Arseny truly was amazed: he had never seen anything like this. One time he even stopped on a bridge to watch as an elderly Venetian woman stepped directly down from the doorway of her own home into a gondola. The gondola began rocking under her foot. Arseny turned away. He cautiously turned his head when he heard the splash of an oar. The woman was sitting calmly in the stern. She had been leaving her house just like this for the last half-century, so never suspected Arseny was alarmed.
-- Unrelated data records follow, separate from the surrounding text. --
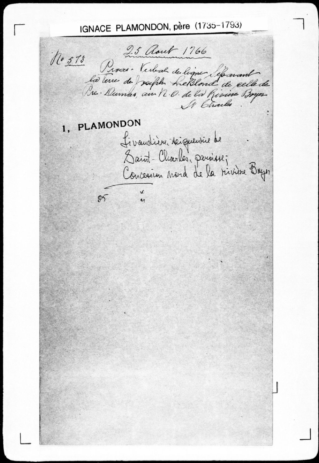 Procès-verbal de ligne et borne séparant deux terres situées dans la [paroisse de Saint-Charles], [seigneurie de Livaudière]. La présente pièce concerne directement: Pierre Charie (Charrier, Charier); Michel Morisset (Morissette) (arpenteur Ignace Plamondon père), 25 août 1766, Archives nationales à Québec, Fonds Cour supérieure. District judiciaire de Québec. Greffes d'arpenteurs, (03Q,CA301,S43,P573-2).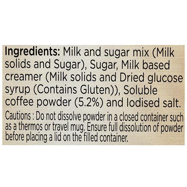 Ingredients:- Sugar,Instant Coffee,Glucose Syrup,Skim Milk Powder, Coconut Oil,Lactose.Salt,Milk Fat.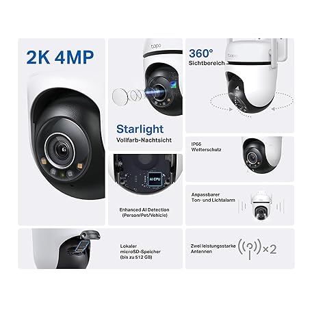 Sản phẩm Tapo TP-Link C520WS Outdoor Surveillance Camera, Starlight Colour Night Vision, 360° Outdoor Camera, 2K 4MP, 2 Powerful Antennas, IP66 Weatherproof, Safe Local & Cloud Storage, AI Detection, App đang được bán với giá ưu đãi là $56.8871 tại nước Đức.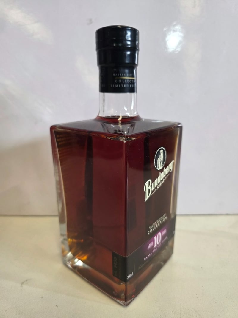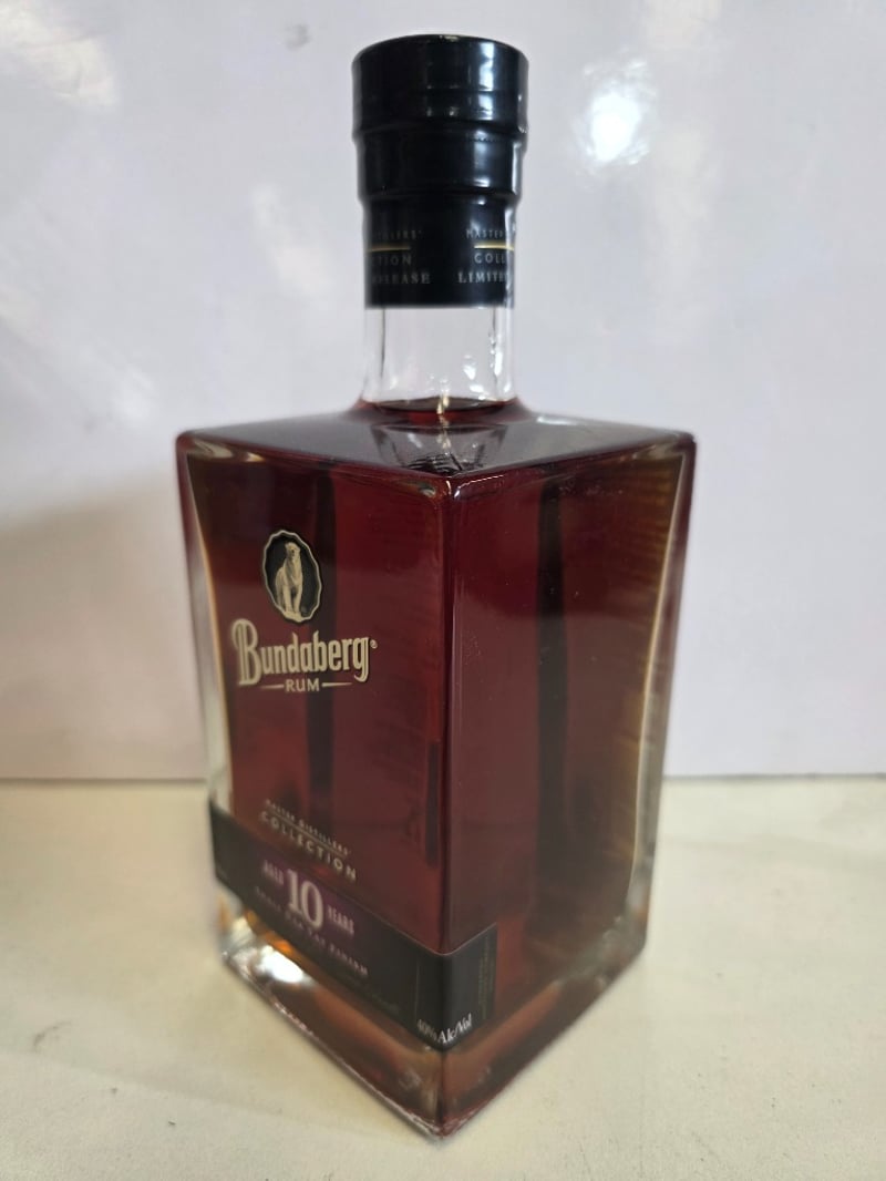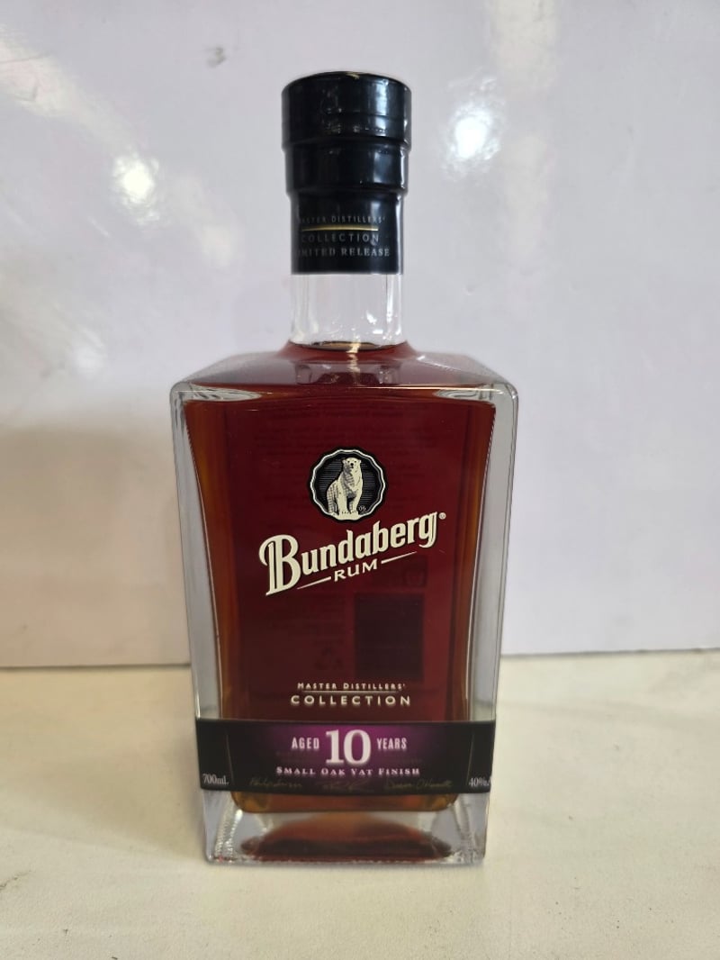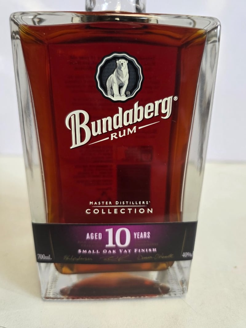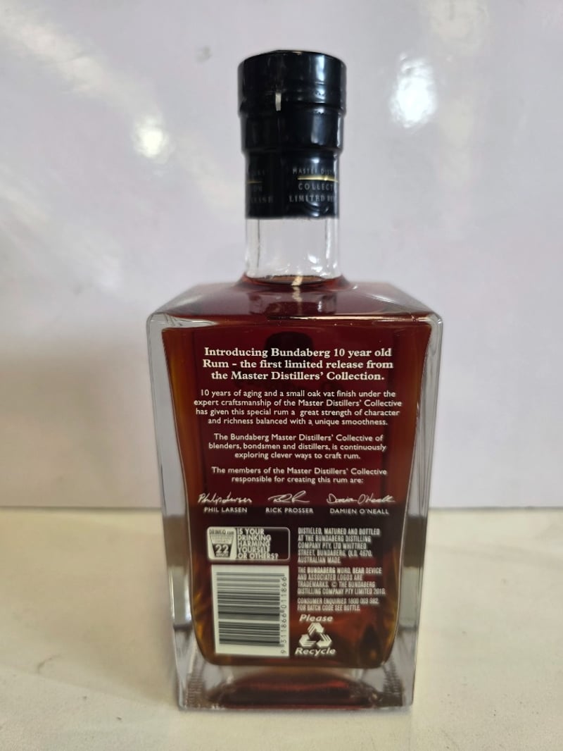 Bundaberg Rum Master Distillers' Collection Aged 10 Years Limited Release. This premium Australian rum represents the first limited edition release from Bundaberg's Master Distillers' Collective. Aged for 10 years with small oak vat finish, this spirit showcases exceptional craftsmanship and complexity. The bottle features the iconic polar bear emblem and displays deep amber-to-burgundy coloration indicative of extended oak maturation. 700mL capacity at 40% ABV. Includes detailed back label describing the Master Distillers' Collective philosophy and production credentials. This is a collectible expression from Australia's renowned Bundaberg Distillery, combining traditional distillation methods with contemporary blending expertise. The limited release designation and master distillers' signatures enhance its desirability for rum enthusiasts and collectors.

The travelers were received affably at the monastery. Brother Hugo informed the prior that Arseny was not a Catholic and the prior answered with an elaborate gesture. That gesture could be interpreted in various ways, but it did not indicate a direct ban on staying at the monastery. That, at least, was how Brother Hugo perceived it. He brought Arseny and Ambrogio to a cell intended for three, where water for washing and beds had been prepared for them. They would be expected at evening table in an hour.
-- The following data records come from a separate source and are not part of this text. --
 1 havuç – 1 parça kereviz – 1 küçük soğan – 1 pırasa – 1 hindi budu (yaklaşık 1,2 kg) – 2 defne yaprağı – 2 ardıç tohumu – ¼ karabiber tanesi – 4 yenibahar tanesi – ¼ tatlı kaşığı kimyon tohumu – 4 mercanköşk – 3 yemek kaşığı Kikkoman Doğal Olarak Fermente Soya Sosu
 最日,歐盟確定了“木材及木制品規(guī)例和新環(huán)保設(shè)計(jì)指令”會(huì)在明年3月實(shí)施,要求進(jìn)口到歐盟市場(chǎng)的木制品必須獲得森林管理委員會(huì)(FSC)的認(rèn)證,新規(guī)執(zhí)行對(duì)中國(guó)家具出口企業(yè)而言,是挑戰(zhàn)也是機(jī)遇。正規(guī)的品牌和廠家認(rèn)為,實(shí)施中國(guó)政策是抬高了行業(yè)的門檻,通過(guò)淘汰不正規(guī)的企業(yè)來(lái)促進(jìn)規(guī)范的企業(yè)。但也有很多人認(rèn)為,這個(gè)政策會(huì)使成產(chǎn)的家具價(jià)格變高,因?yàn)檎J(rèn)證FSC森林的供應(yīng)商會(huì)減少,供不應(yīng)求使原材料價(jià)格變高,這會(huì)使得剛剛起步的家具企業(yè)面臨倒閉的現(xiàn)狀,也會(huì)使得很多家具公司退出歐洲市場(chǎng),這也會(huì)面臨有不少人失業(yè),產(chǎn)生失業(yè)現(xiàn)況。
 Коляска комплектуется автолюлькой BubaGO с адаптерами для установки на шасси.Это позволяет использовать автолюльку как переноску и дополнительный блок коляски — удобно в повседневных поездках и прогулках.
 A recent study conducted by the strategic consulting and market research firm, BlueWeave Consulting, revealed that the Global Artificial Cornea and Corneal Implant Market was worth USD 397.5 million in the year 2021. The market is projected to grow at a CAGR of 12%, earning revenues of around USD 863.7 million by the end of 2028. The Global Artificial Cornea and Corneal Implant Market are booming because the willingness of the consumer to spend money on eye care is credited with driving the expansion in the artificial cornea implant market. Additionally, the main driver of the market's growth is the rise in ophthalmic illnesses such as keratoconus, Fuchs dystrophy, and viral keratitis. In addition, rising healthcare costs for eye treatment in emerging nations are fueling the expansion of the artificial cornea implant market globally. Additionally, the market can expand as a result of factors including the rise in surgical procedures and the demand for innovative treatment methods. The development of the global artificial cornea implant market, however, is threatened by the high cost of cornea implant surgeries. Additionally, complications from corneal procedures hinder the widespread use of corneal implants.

None of the three went to table. Brother Hugo and Ambrogio sank into a deep slumber after the road, but Arseny was experiencing deep excitement over his encounter with Venice. It would not let him sleep. It would not even let him stay in the cell. He quietly went downstairs and stepped outside after bowing to the porter.
The monastery stood on a canal. It seemed like a regular house from the street, no different from the other houses built right up against one another. A thin strip of a roadway ran between the houses and the canal, so here one need not walk straight onto the water from a house. Arseny took several steps toward the canal. He crouched and watched seaweed billowing on a mooring post. The water here smelled different from that of other places he’d visited. The smell was putrid. Arseny felt happy when he remembered it afterwards, for this was the smell of Venice.
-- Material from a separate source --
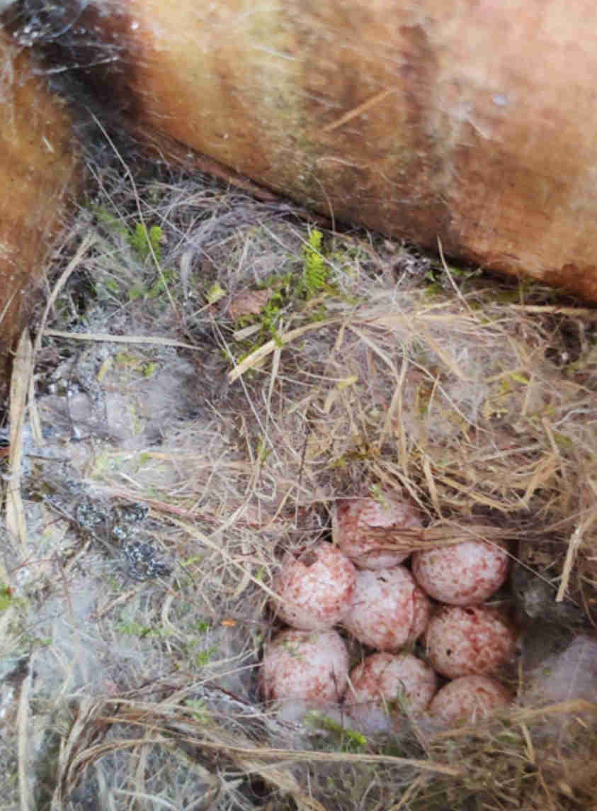 队员跟随领队对未孵化的鸟蛋进行了详细的观察。鸟蛋是白眉姬鹟的蛋,直径一厘米左右,颜色为白底、带有红色斑点。考虑到夏季已经是鸟类孵化迁徙的后期,教授推测这窝鸟蛋的父母,可能因为有蛇类或者其他的危险因素,已经抛弃了这个窝,这种行为学名弃巢。对于这种情形,该队成员认为需要工作人员稍加干涉,确保这些鸟蛋的安全。

Evening was falling. The sun was not visible because of the buildings, but the walls that the sun’s last rays still reached had turned ocher and yellow. Arseny walked along the canals—in the places it was possible to walk—and crossed arch-shaped little bridges. At first he tried to remember the route he had taken so he could return, but after just a few streets he could not even determine the direction in which the Franciscan monastery lay. Never in his life thus far had he found himself in such an astonishing place, and now he could not commit it all to memory. Arseny had developed a feel for the expanse of the forest and the expanse of the field, the icy emptiness of Beloozero and the wooden streets of Pskov, finding his way around everywhere without difficulty. But now, after ending up among overlapping water and stone, it occurred to him that he had no sense of this expanse. He was alone in a strange and wonderful city and did not know its language. The only one who could help him was asleep, exhausted, in a monastery that was in some unknown place. And Arseny grew calm.